Was zij wel ooit in haar leven zoo
koud geweest?
Daar luidde alweer een bel en nu moesten allen zich haasten om langs de
donkere trappen naar beneden te gaan en in de groote, kille schoolkamer
bij de ochtendgebeden tegenwoordig te zijn, die door Miss May werden
gelezen; de directrice vertoonde zich eerst later op den dag. Voor de
zuinigheid brandde er nu slechts een gaspit, wat alweer Hedwig's innige
verontwaardiging opwekte.

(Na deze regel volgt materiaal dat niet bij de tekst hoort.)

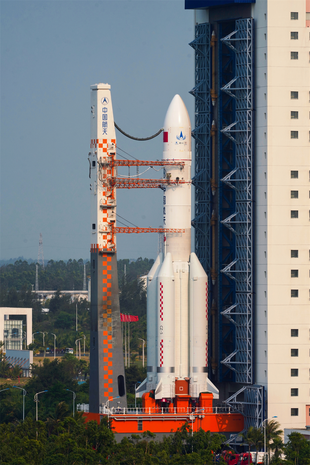 3月12日13時,長征五號遙八火箭搭乘遠(yuǎn)望21號和遠(yuǎn)望22號運輸船順利抵達(dá)海南文昌清瀾港。3月15日,長五遙八火箭通過陸路運輸,安全運抵中國文昌航天發(fā)射場廠房,火箭隨即開始箭體總裝測試工作。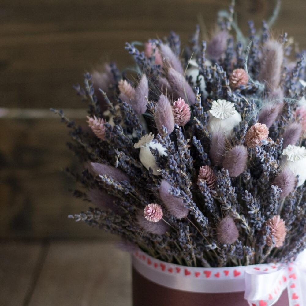 Лаванда (сухоцвет) – 159 шт.Лагурус (сухоцвет) – 30 шт.Шляпная коробка с лентой – 1 шт.Оазис флористический – 1 шт.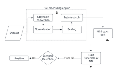 Weapon and gun violence have recently become a pressing issue today. The degree of these crimes and activities has risen to the point of being termed as an epidemic. This prevalent misuse of weapons calls for an automatic system that detects weapons in real-time. Real-time surveillance video is captured and recorded in almost all public forums and places. These videos contain abundant raw data which can be extracted and processed into meaningful information. This paper proposes a novel pipeline consisting of an ensemble of convolutional neural networks with distinct architectures. Each neural network is trained with a unique mini-batch with little to no overlap in the training samples. This paper will present several promising results using multiple datasets associated with comparing the proposed architecture and state-of-the-art (SoA) models. The proposed pipeline produced an average increase of 5% in accuracy, specificity, and recall compared to the SoA systems.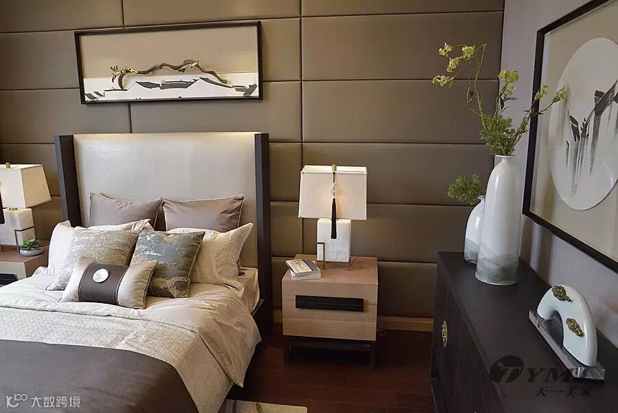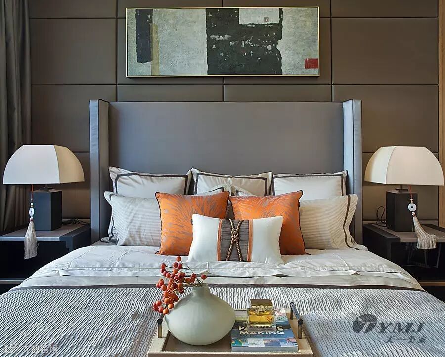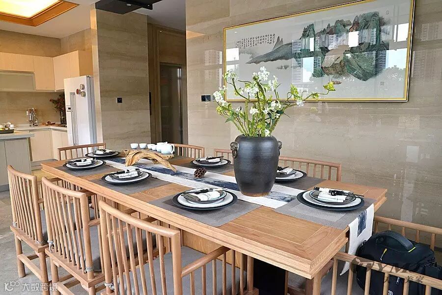 墙壁悬挂高仿真艺术品《兰亭序》山水画、行草书法长卷,再现宋元时期的审美意趣,时光交叠亦是美景;地面铺设的是水墨韵的地毯,一山一水,一书一画,尽显端雅之态;文房四宝—笔墨纸砚都是中式风格元素的体现。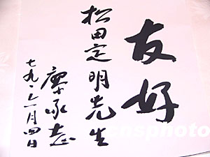 松田先生的职业是医院放射线技师,二十五年前的十月二十八日,他在新婚仪式负责摄影。在同一饭店举行的欢迎宴会即将结束时,邓小平夫妇得知隔壁会场正在举行婚礼,临时提出参加祝贺。激动人心的一幕出现十分钟前,现场才通知这一消息,婚礼与会者兴奋起来了。等候在饭店外的记者虽获知消息,但无奈不能进入,现场摄影师只有两名。松田在关键时刻一气拍下二十多张照片。一张题为《友好的巧遇》的照片,当月获得《读卖新闻》读者摄影作品月度一等奖,当年又获得该报年度摄影比赛头等奖。《读卖新闻》摄影部部长田中秀男评价说:“这幅照片有力地说明了邓副总理坦率的人品和日本国内的日中友好热潮,是一个富有人情的记录”。第二年,在当地华侨的帮助下,松田又得到廖承志挥毫提写的“友好”二字墨宝。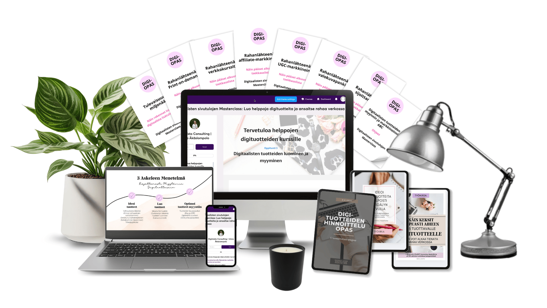 Tällä 3 viikon kurssin jälkeen sinulla on ensimmäinen digituotteesi ideoituna, luotuna ja myynnissä netissä! Tavoitteena on, että oman sivubisneksen avulla voit ansaita passiivista lisätuloa sekä enemmän aikaa ja vapautta tärkeille asioille elämässä.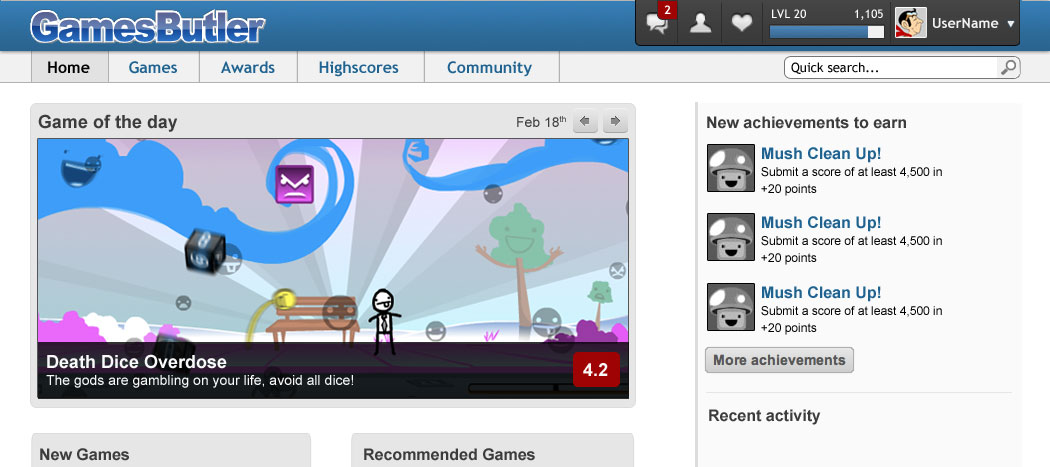 It seems pretty nice! I'm missing the Recommended and the Recently Played games in the Home page... And you will add a "Random games" there too? It would be nice and aleatory! ˆˆ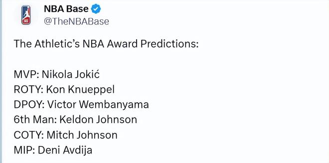 北京时间2月27日,知名美媒TheAthletic(TA)对2025-26赛季的常规赛六大奖项进行预测,他们看好约基奇成为MVP,克努佩尔当选最佳新秀,马刺三人获奖成为最大赢家。具体预测和解析如下——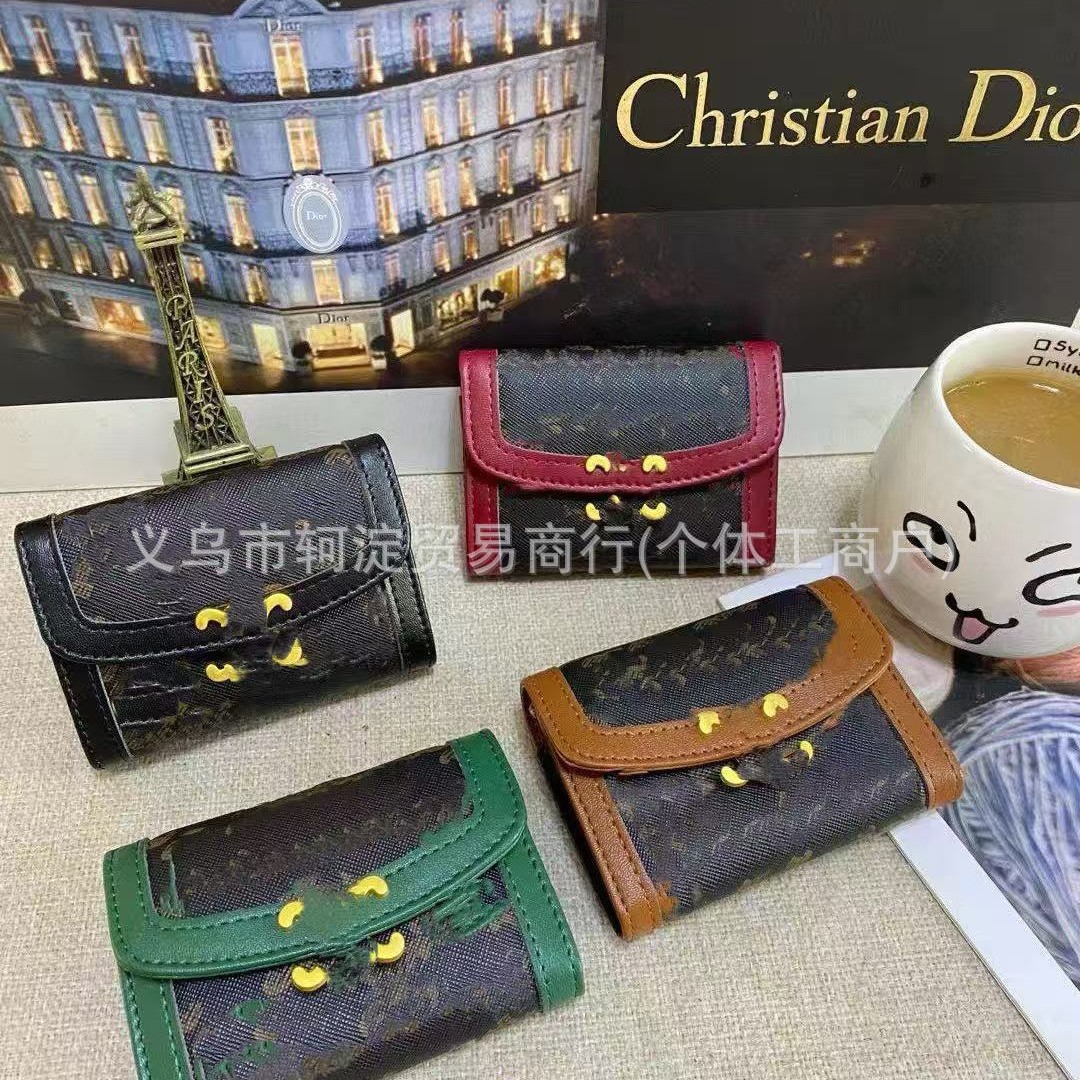 2025新款女士小卡包包新款复古老花钱包撞色设计实用又好看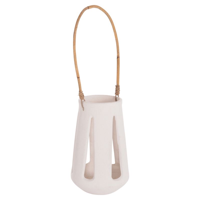 Декоративен настолен фенер Erantyl Hm4696.02l бял фиброцимент и ратанова дръжка Φ17x27hcm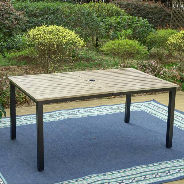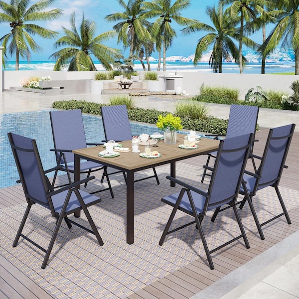 7-Piece Metal Outdoor Dining Set with Brown Rectangular Table-Top and Blue Folding Chairs
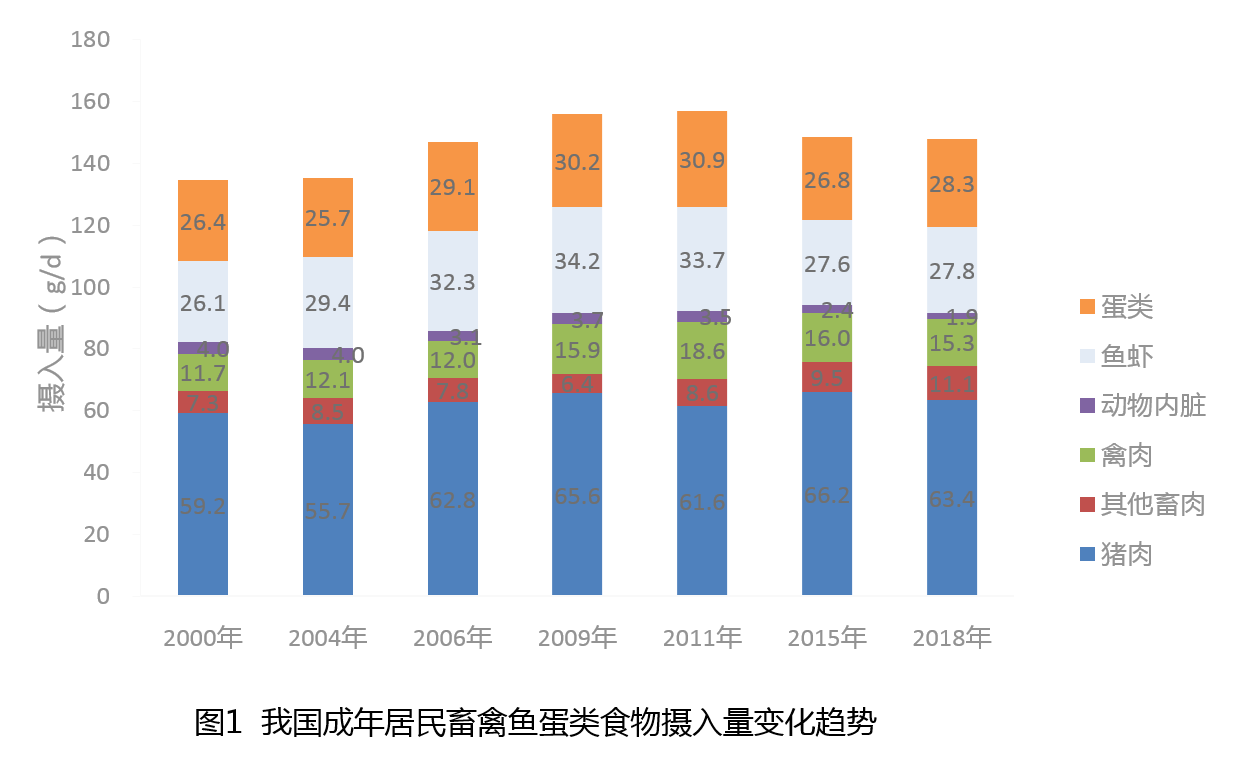 从1982年至今的营养调查资料显示,我国居民肉类食品摄入量逐年增高。与2010—2012年监测结果比较,近5~8年间变化不大。另一项来自中国健康与营养调查(CHNS)同样显示,从2000年到2018年,我国成人居民畜、禽、鱼、蛋类食物摄入量保持相对稳定水平(图1)。

Daarbij kon ze van vermoeidheid en van honger
haast niet op hare beenen blijven staan.
Wat schandelijke toestanden waren dat hier toch! Zij nam zich voor zoo
gauw als ze maar kon aan de barones von Zerclaere te schrijven en haar
eens goed op de hoogte te brengen van alles wat zij hier zag en
ondervond; zij zou zoo iets toch zeker ook beneden alles vinden en haar
helpen willen om er verandering in te brengen.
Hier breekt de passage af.